- Opening Delimiter -

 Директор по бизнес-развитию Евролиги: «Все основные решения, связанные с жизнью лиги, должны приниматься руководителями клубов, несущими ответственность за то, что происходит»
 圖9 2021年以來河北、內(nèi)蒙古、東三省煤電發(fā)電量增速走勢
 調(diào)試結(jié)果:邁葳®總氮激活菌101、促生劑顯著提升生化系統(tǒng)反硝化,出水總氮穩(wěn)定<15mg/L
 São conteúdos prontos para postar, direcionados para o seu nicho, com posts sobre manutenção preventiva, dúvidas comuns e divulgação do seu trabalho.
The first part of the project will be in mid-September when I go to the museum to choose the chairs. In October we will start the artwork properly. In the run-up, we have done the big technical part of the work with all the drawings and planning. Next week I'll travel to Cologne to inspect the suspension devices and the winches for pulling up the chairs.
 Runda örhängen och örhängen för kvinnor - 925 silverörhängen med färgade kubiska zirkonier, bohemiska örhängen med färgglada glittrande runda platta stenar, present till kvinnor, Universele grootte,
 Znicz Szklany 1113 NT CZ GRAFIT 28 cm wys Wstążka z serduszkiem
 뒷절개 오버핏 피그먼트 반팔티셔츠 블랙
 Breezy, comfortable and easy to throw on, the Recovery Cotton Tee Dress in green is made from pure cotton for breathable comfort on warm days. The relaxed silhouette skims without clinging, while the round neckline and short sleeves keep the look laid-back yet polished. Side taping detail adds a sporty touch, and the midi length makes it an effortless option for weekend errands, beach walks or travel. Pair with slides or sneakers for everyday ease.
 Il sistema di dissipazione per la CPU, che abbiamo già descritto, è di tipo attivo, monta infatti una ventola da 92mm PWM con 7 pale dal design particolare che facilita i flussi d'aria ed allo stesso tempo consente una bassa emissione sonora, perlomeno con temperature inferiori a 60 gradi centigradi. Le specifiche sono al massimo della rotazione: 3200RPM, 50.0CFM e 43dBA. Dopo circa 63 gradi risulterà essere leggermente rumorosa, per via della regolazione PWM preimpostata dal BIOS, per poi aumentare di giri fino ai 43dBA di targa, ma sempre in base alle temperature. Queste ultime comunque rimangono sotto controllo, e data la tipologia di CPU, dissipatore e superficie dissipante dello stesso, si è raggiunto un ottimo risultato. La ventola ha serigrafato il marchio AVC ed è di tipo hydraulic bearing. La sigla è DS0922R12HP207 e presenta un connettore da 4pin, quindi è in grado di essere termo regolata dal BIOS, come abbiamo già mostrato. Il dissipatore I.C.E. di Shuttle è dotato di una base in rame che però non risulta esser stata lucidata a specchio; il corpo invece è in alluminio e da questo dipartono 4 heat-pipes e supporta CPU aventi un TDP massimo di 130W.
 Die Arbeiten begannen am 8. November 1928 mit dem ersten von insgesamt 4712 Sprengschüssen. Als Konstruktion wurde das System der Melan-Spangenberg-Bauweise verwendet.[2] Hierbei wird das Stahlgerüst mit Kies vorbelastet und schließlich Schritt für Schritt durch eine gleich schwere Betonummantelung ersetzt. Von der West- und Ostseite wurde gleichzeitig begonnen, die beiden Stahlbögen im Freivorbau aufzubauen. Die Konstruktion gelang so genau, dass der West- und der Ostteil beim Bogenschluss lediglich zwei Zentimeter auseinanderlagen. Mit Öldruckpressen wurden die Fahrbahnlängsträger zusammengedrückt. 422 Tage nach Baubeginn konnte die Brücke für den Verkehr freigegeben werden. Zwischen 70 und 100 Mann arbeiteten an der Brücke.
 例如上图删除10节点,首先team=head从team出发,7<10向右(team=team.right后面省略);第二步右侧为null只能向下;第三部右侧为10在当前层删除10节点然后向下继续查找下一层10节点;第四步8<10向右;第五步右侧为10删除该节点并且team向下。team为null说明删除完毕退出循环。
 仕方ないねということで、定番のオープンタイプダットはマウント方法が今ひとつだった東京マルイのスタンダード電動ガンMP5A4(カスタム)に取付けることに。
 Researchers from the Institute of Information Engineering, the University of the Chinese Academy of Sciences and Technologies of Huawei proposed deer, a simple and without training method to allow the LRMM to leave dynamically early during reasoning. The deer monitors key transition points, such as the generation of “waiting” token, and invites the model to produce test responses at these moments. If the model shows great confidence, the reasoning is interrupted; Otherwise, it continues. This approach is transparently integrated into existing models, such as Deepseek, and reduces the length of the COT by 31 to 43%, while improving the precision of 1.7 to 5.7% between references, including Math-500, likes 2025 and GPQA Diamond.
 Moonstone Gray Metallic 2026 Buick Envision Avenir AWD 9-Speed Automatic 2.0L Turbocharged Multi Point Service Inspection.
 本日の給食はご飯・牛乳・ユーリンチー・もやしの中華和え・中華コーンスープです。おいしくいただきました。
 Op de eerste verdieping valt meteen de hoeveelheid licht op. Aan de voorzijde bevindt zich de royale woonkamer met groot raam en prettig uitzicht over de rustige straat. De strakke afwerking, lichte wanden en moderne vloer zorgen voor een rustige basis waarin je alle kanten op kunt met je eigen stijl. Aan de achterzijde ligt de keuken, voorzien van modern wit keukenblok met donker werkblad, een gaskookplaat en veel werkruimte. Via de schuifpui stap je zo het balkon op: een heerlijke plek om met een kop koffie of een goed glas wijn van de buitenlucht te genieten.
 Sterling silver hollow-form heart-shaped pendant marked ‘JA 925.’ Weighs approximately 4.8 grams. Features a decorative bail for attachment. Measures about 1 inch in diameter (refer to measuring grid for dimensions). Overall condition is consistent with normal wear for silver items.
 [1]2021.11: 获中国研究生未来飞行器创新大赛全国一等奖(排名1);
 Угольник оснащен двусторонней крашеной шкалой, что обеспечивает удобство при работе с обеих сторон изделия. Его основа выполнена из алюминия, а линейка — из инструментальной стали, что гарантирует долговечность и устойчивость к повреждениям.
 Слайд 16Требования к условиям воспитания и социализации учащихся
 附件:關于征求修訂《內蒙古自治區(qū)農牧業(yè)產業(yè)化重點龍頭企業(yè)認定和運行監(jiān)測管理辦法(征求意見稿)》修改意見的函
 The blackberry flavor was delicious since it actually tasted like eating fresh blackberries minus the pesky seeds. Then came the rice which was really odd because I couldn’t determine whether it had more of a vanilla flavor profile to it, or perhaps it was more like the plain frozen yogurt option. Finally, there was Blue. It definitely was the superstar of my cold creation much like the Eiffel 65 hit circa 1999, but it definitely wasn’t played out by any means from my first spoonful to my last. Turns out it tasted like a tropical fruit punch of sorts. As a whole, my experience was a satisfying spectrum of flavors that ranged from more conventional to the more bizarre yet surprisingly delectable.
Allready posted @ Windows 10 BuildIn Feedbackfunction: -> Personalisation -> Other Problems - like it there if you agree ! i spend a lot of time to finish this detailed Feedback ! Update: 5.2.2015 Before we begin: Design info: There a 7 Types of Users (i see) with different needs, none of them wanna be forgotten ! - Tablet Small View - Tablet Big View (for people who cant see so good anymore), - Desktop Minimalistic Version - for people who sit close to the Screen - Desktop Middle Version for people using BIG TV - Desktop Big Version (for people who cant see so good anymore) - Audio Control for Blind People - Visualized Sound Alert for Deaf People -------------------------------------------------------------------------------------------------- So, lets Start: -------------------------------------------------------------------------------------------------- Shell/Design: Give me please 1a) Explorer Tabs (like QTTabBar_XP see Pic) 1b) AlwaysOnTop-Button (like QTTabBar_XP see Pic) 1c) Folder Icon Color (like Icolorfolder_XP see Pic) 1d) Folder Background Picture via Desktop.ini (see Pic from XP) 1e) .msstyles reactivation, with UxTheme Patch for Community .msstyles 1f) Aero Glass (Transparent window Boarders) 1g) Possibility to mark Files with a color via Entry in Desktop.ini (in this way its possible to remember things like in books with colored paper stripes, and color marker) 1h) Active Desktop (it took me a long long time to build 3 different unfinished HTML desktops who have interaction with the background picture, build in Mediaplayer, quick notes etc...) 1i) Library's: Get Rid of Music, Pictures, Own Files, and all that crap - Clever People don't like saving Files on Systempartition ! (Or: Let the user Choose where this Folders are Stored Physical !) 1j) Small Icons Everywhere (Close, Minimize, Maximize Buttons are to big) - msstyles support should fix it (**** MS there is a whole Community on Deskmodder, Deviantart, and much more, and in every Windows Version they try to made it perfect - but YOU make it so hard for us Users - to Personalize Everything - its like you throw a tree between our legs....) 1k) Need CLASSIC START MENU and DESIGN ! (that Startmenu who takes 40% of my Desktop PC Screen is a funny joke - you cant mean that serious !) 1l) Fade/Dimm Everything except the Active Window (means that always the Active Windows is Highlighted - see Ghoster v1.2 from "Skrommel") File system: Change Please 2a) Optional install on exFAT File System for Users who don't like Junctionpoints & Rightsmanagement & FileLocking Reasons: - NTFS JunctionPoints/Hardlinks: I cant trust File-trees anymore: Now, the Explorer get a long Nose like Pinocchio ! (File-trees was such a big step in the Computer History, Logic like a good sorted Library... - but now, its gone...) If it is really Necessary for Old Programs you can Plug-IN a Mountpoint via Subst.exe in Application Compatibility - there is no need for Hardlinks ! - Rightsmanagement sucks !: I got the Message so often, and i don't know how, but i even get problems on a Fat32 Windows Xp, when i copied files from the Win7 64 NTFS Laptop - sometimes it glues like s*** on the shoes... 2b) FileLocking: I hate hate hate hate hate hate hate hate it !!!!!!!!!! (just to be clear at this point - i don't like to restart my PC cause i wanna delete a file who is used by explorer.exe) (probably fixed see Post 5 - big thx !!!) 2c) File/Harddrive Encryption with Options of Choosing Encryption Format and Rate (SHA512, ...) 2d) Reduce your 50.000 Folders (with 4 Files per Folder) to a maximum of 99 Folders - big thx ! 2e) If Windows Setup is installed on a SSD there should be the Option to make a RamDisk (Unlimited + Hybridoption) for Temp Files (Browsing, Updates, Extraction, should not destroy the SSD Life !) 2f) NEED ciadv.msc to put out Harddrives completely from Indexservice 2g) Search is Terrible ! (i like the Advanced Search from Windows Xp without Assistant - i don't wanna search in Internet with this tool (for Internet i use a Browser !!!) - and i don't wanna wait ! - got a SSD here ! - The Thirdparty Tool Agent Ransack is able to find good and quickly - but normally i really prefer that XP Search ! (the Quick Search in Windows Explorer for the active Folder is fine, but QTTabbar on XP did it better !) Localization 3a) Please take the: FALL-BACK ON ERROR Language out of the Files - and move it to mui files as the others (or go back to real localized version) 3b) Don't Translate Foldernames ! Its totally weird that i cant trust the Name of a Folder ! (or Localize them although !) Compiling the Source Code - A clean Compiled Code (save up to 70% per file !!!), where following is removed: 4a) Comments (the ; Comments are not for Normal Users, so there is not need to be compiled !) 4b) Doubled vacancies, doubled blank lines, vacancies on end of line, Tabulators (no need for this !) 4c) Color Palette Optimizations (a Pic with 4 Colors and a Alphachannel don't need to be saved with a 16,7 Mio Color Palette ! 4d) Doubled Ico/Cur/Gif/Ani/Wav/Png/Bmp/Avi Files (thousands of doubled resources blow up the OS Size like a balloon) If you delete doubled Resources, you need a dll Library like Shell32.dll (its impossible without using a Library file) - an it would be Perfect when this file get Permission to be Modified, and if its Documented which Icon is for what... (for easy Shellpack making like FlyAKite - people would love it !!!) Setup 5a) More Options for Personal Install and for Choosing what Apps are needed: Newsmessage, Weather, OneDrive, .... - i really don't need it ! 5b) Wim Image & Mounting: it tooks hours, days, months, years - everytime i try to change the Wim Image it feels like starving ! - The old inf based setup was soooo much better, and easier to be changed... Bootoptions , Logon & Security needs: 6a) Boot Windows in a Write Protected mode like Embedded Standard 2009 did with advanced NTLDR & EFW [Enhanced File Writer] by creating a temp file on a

- Closing Delimiter -

Search the data above for the string "length" and report each line that holds it.

**Solution:**
 Breezy, comfortable and easy to throw on, the Recovery Cotton Tee Dress in green is made from pure cotton for breathable comfort on warm days. The relaxed silhouette skims without clinging, while the round neckline and short sleeves keep the look laid-back yet polished. Side taping detail adds a sporty touch, and the midi length makes it an effortless option for weekend errands, beach walks or travel. Pair with slides or sneakers for everyday ease.
 Researchers from the Institute of Information Engineering, the University of the Chinese Academy of Sciences and Technologies of Huawei proposed deer, a simple and without training method to allow the LRMM to leave dynamically early during reasoning. The deer monitors key transition points, such as the generation of “waiting” token, and invites the model to produce test responses at these moments. If the model shows great confidence, the reasoning is interrupted; Otherwise, it continues. This approach is transparently integrated into existing models, such as Deepseek, and reduces the length of the COT by 31 to 43%, while improving the precision of 1.7 to 5.7% between references, including Math-500, likes 2025 and GPQA Diamond.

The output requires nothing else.